* Benjamin Kaplan:
On Thu, Nov 19, 2009 at 4:42 PM, Alf P. Steinbach <al...@start.no> wrote:
* Steven D'Aprano:

I feel that there's still something lacking in my understanding though, like
how/where the "really actually just pure local not also global" is defined
for function definition, but it's now just a vague feeling of something
missing, not a feeling of direct contradiction as I had when I believed
local != global.


It's because the only blocks in python that have their own scope are
classes and functions.
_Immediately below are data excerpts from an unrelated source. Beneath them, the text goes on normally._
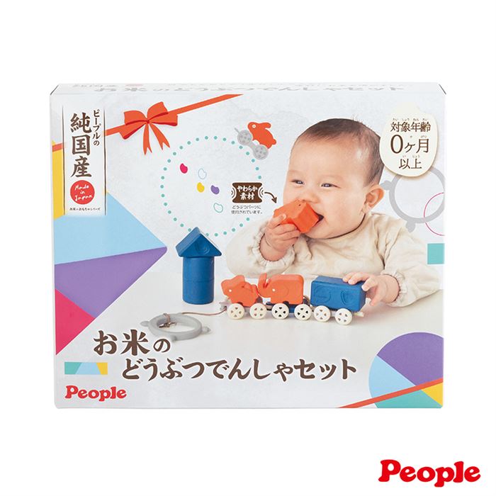 | 內容物 | 米的列車玩具3台、米的圓環玩具1個、動物造型配件(柔軟)3個、米積木(三角柱/圓柱/長方體)3個。 ※米的圓環及1台米的列車為綁好的狀態,列車連結是以卡榫方式組合,向外拉即可拆開。 |
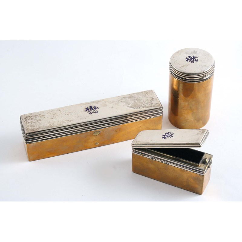 (Two oblong & one cylindrical), each with button-operated hinged covers, & an enamel monogram, by Thomas Johnson, London 1861; the longest one 5.9" (15 cms) long (3)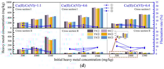 Horizontal comparison of concentration distributions and fluctuation rates of Cu(II) and Cr(VI) composite heavy metal-contaminated soil. (a) Cu(II) under different heat source temperatures at 1000 mg/kg. (b) Cr(VI) under different heat source temperatures at 1000 mg/kg. (c) Cu(II) under different initial heavy metal concentrations at 50 °C. (d) Cr(VI) under different initial heavy metal concentrations at 50 °C.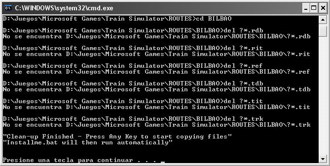 -2º.- Instalamos la actualización: hacemos doble clic en BILBAO_Patch.zip y extraemos en la carpeta ROUTES de Train Simulator; luego, dentro de la carpeta Routes de Train Simulator buscamos la carpeta BILBAO, la abrimos, buscamos el archivo UpdateMe.bat y lo ejecutamos, se nos abre una ventana tipo MS-DOS en la que nos dice que pulsemos una tecla para continuar (lo hacemos), y se nos abre otra ventana del mismo tipo, y cuando ya ha terminado de ejecutarse, cerramos ambas ventanas MS-DOS, y ya está instalada la actualización.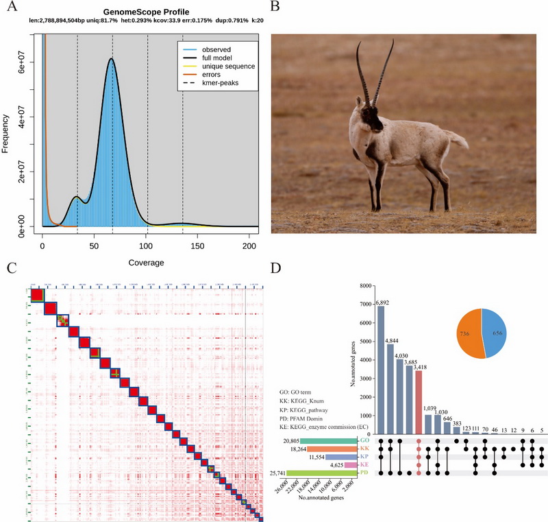 中國科學(xué)院西北高原生物研究所動物生態(tài)與資源保護(hù)研究團(tuán)隊聯(lián)合青海大學(xué),基于PacBio HiFi三代基因組測序、Hi-C測序和DNBSEQ-T7二代基因組survey測序三種測序技術(shù),成功組裝了藏羚染色體級別的基因組。結(jié)果顯示,藏羚基因組大小為3.1 Gb,Contig N50為84.6 Mb,所有基因掛載到30條染色體上(29 + X),與之前的核型研究一致。數(shù)據(jù)評估顯示,藏羚基因組BUSCO得分為98.2%(S:92.3%,D:5.9%,F(xiàn):0.8%,M:1.0%),平均QV值為70.14,表明組裝的連續(xù)性好,完整度和準(zhǔn)確性高?;贓DTA和RepeatModeler從頭預(yù)測的藏羚基因組中重復(fù)序列注釋結(jié)果表明,藏羚基因組重復(fù)序列主要由SINEs、LINEs、LTRs 和DNA transposons四種類型組成,序列總長度為1.65 Gb,占基因組的52.47%;基于蛋白同源預(yù)測、蛋白從頭預(yù)測和深度學(xué)習(xí)等多種策略,在藏羚基因組上共注釋到28,330個功能基因。綜上,通過多種技術(shù)手段,首次獲得了藏羚染色體水平的高質(zhì)量基因組和注釋信息,為藏羚的適應(yīng)進(jìn)化遺傳機(jī)制、保護(hù)遺傳學(xué)研究及進(jìn)一步探索物種遷徙行為的遺傳機(jī)制提供了重要的基因組資源。

For loops don't have their own scope- they use
the enclosing one, which in this case is globals.

Thanks, but hey, contradiction: you mention globals as an "enclosing" scope, i.e. that a module can have a scope, while stating that only classes and functions have their own scope (so, would a module have it's not own scope?).

I think, having now read up and down and sideways in the docs, that the proper term in Python is "namespace", and that "scope" in Python refers to where the names in a namespace are directly accessible, with a special case for classes, namely that the scope of a class' namespace doesn't penetrate down into function definitions, hence problem with comprehensions expressed directly in a class definition. I believe that's a so called language "wart" -- which C++ is full of, just now discovering some of Python's :-). It's almost like C++'s "most vexing parse", a natural and apparently meaningful source code construct that due to the detailed rules turns out to be meaningless. I wish language designers could be a little less hooked on low level consistency. Because it makes for high level inconsistency, very difficult to explain without zillions of details.

But anyways, it's starting to make more sense, yes.